Игнорируя его вопли, поворачиваю ключ, торчащий в замке, беру стул, разворачиваю его на сто восемьдесят градусов и сажусь.

— Та-а-к, — он обреченно вздыхает, бросает еще один тоскливый взгляд в сторону дивно пахнущих котлет и с недовольством на лице закрывает контейнер.

Понимаю. Сам бы не отказался. Уж больно хорош аромат.

— Ну-с. Кто вы такой и зачем пожаловали? — вытирает рот салфеткой и одаривает меня любопытным взглядом.

— Илья Андреевич меня зовут, — барабаню пальцами по спинке стула.

— Ааа, помню-помню. Скандал мне тут устроили…

— Да потому что отношение к людям как к скоту! — мои брови непроизвольно сходятся на переносице. — Четыре часа прождали, а у девчонки температура под сорок была!

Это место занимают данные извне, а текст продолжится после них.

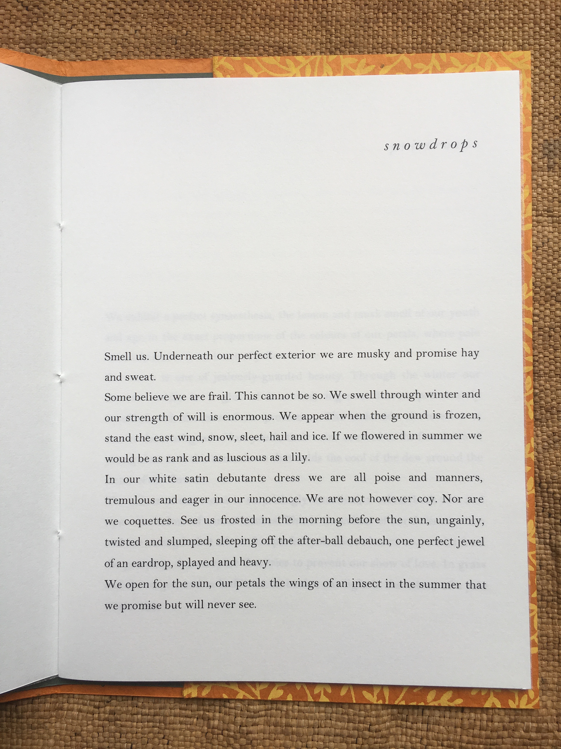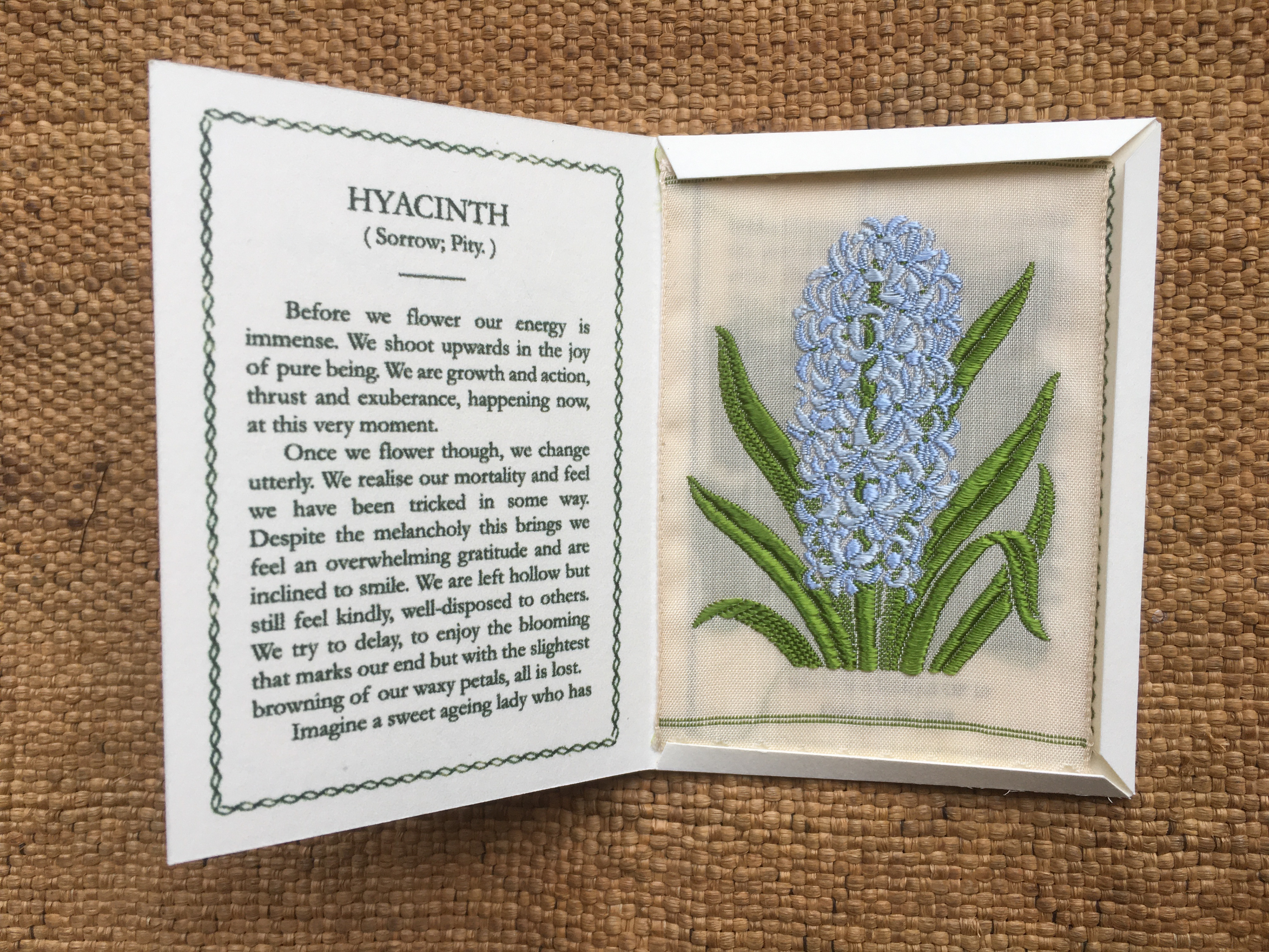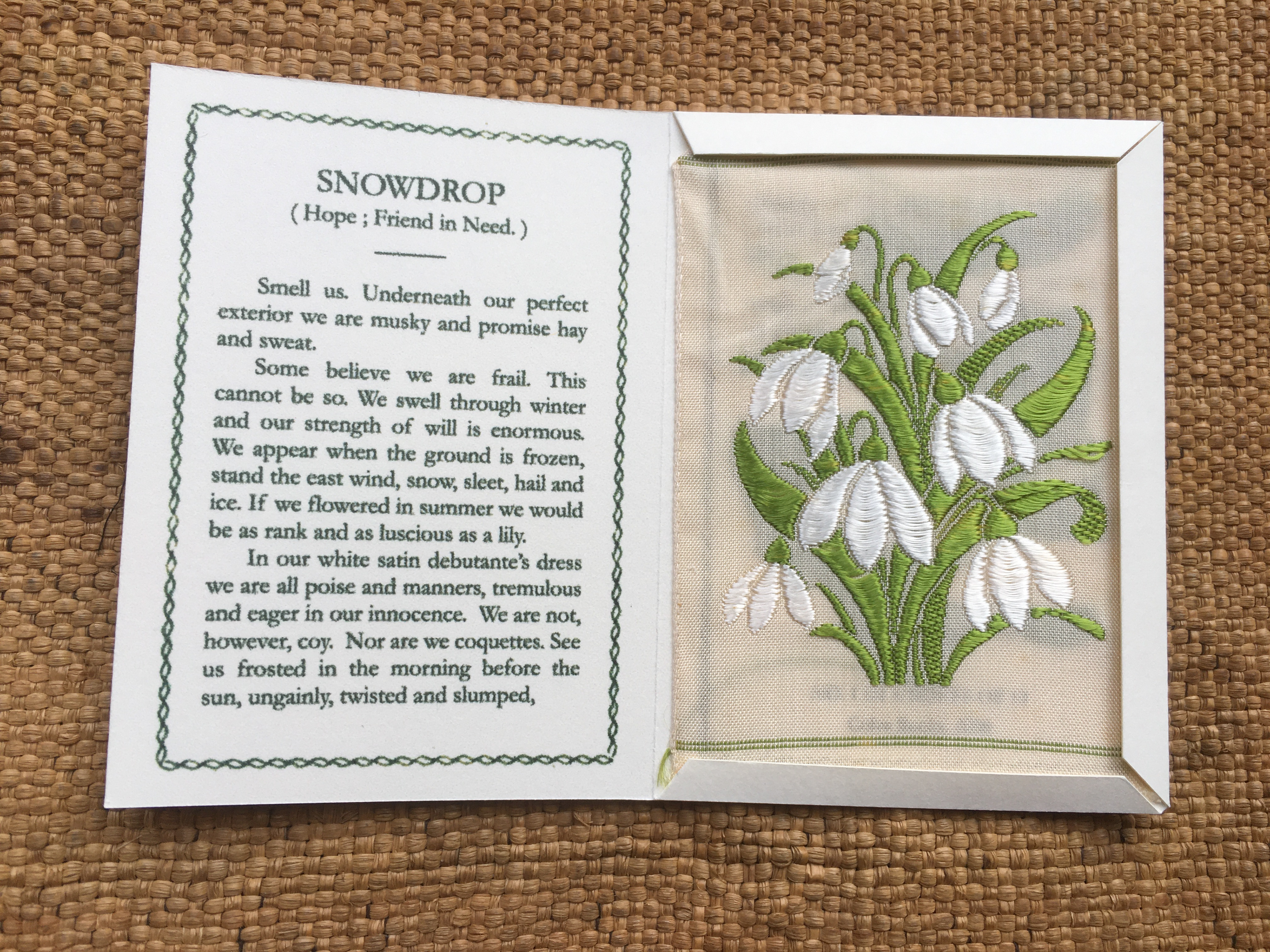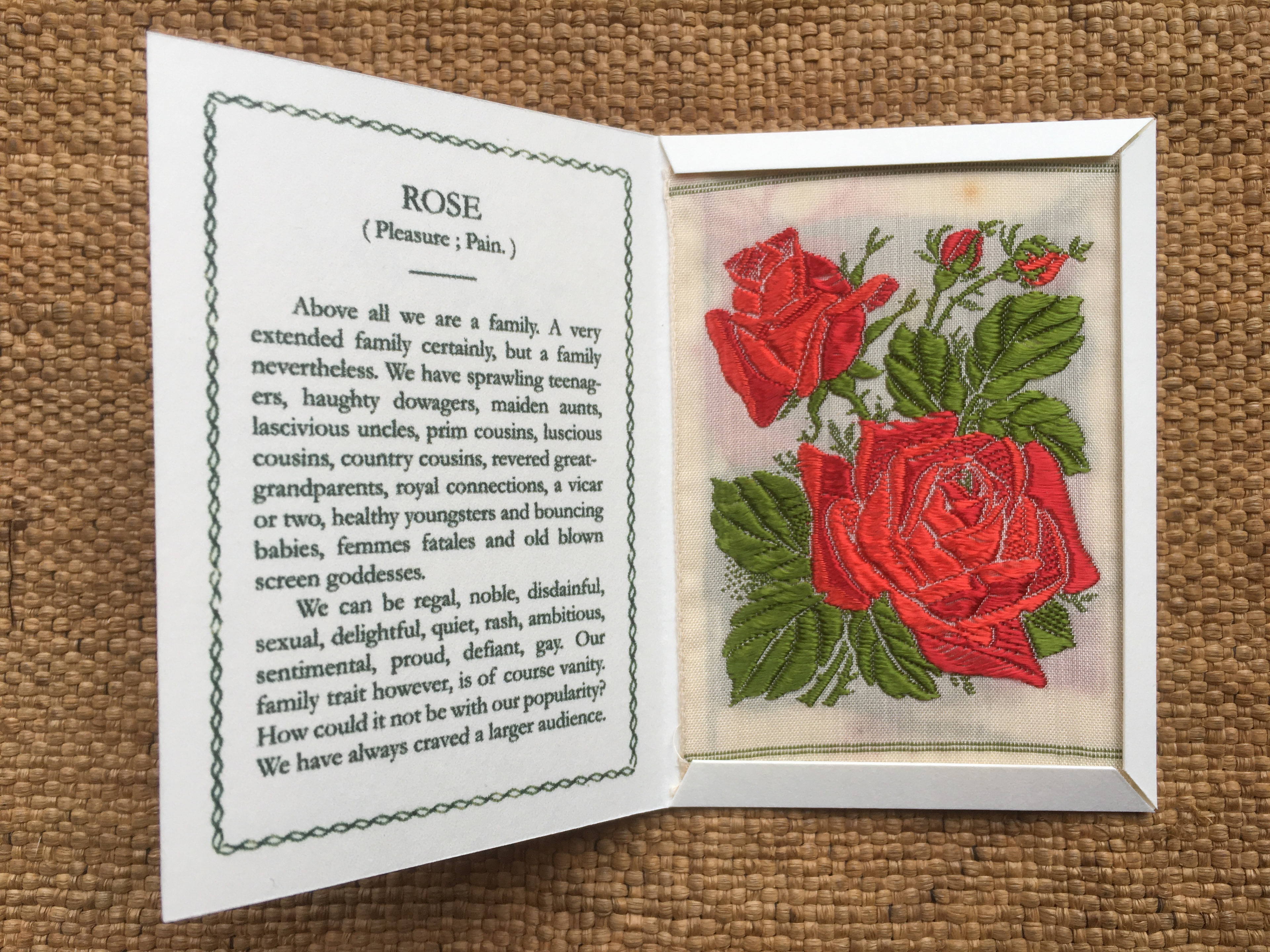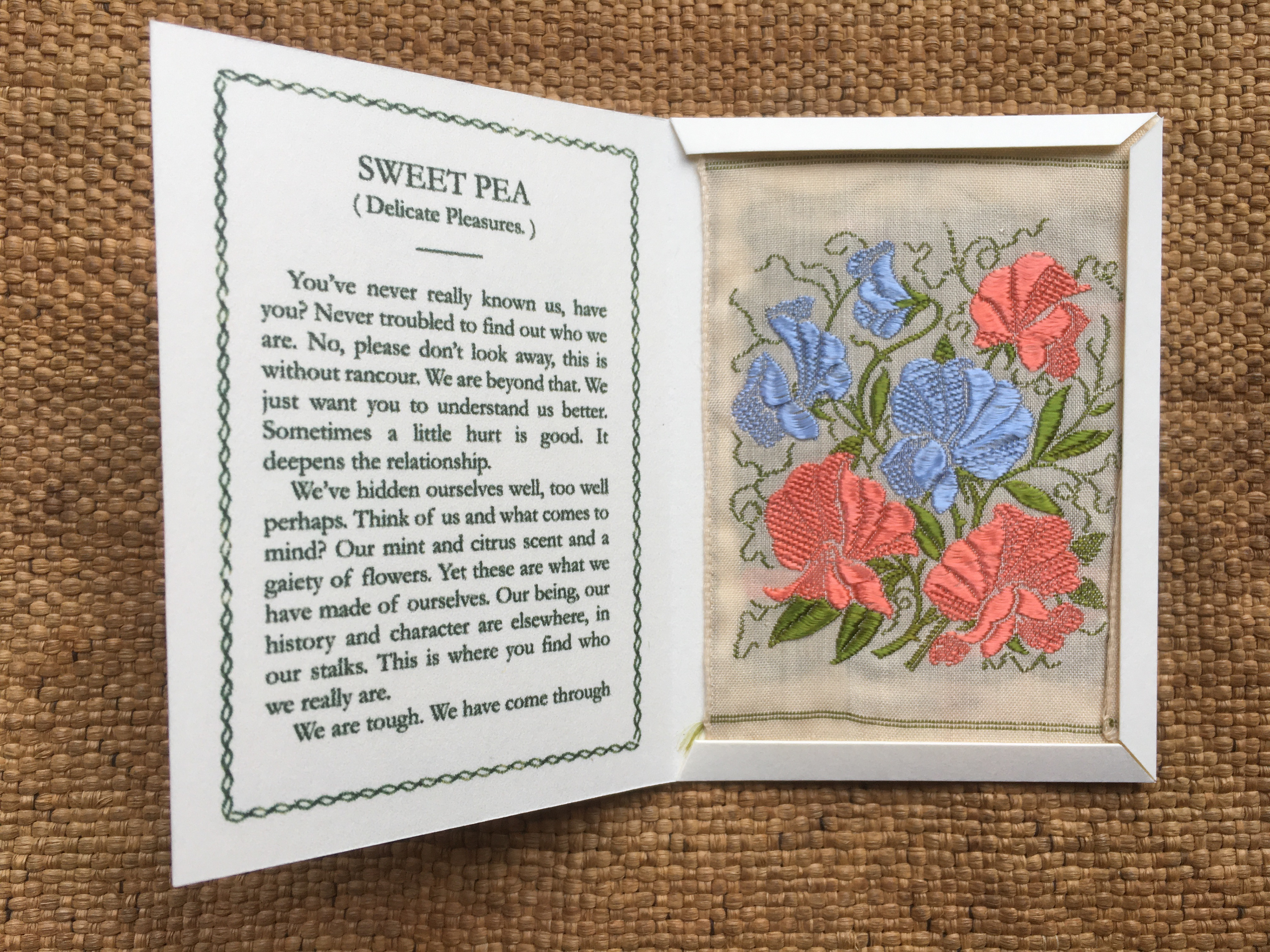 Twelve intimate portraits in words, of different flowers. The portraits follow the seasons, from snowdrops and primroses through to teasels and jasmine, and were written gradually over a couple of years, beginning with thoughts about nasturtiums that came one day unbidden in the garden. Ten of the flowers that I wrote about appeared as embroidered silk flowers that were given away with Wix’s Kensitas cigarettes in 1934-35. As these silks are still readily available I printed up a few folders with my own text replacing the botanical history and cultural notes that appeared in the originals and slipped the silks inside. December, 2004.

— Понимаю, но, увы, за всю систему здравоохранения в нашей стране я отвечать не в силах.

— Да смысл этих качелей[9]! — отмахиваюсь раздраженно. — Как тебя по батьке?

— Калинин Евгений Павлович, — дюже официально представляется он.

Как будто на конференции выступать собирается. Дурик.

— Палыч, я по делу.

— Кто бы сомневался! — хмырь поправляет очки с толстенной оправой. — И по какому же?

— Пришел справиться о здоровье своей невесты. Да попросить, чтоб до выписки приглядели за ней, — подмигиваю ему. — Догоняешь?

— Не особо.

Тупой что ли? Не одупляет[10]?

Достаю стопку тысячных купюр. Он от неожиданности чуть не валится со стула, на котором раскачивался всего пару секунд назад.

— Немедленно уберите! — вскакивает и орет как резаный. — Это что еще за безобразие такое!

— Слышь, лекарь, не бухти, а? — лениво успокаиваю буйного. — Тупо просьба, обхаживать девушку получше. Двадцатка тебе на клюв падает, лишняя что ли?

Он как-то странно посмеивается. Озадаченно почесывает длинный нос с горбинкой. Опять хихикает, но уже громче.

— Что за истерика? — прищуриваюсь недовольно. — Мало что ли, а?

Леший знает их расценки московские… Откуда мне простому парню из «Бобрино» это должно быть известно?

— А как фамилия невесты? — вздергивает кустистую бровь.

— Лисицына, в девятнадцатой палате лежит с пневмонией.

— Кхм, —

откашливается в кулак. — Ясно. Ясно.

Мутный хер какой-то. Глазки забегали. Как у крысы, которую на чем-то поймали.

— Че? — прищуриваюсь подозрительно.

— Нет-нет, все в порядке, — прочищает глотку он.

— Как она вообще? Ей лучше?

— Определенно. Алена потихоньку идет на поправку, — отвечает он, кивая, и принимается цедить кофе из белоснежной чашки с надписью «здоровье не купишь».

Ага, как же…

— Хорошо, — почесываю подбородок.

— Деньги-то уберите. За кого вы меня принимаете? — хорохорится врачелло.

— В благодарность от всей души, доктор, — настойчиво двигаю к нему купюры.

— Не надо…

— И вот это прими, — ставлю на стол две бутылки дорогого, качественного коньяка. — Расслабиться тебе поможет после тяжелых трудовых будней, Склифасовский.

— Кхм…

— Кабан сказал, что пойло — просто отвал.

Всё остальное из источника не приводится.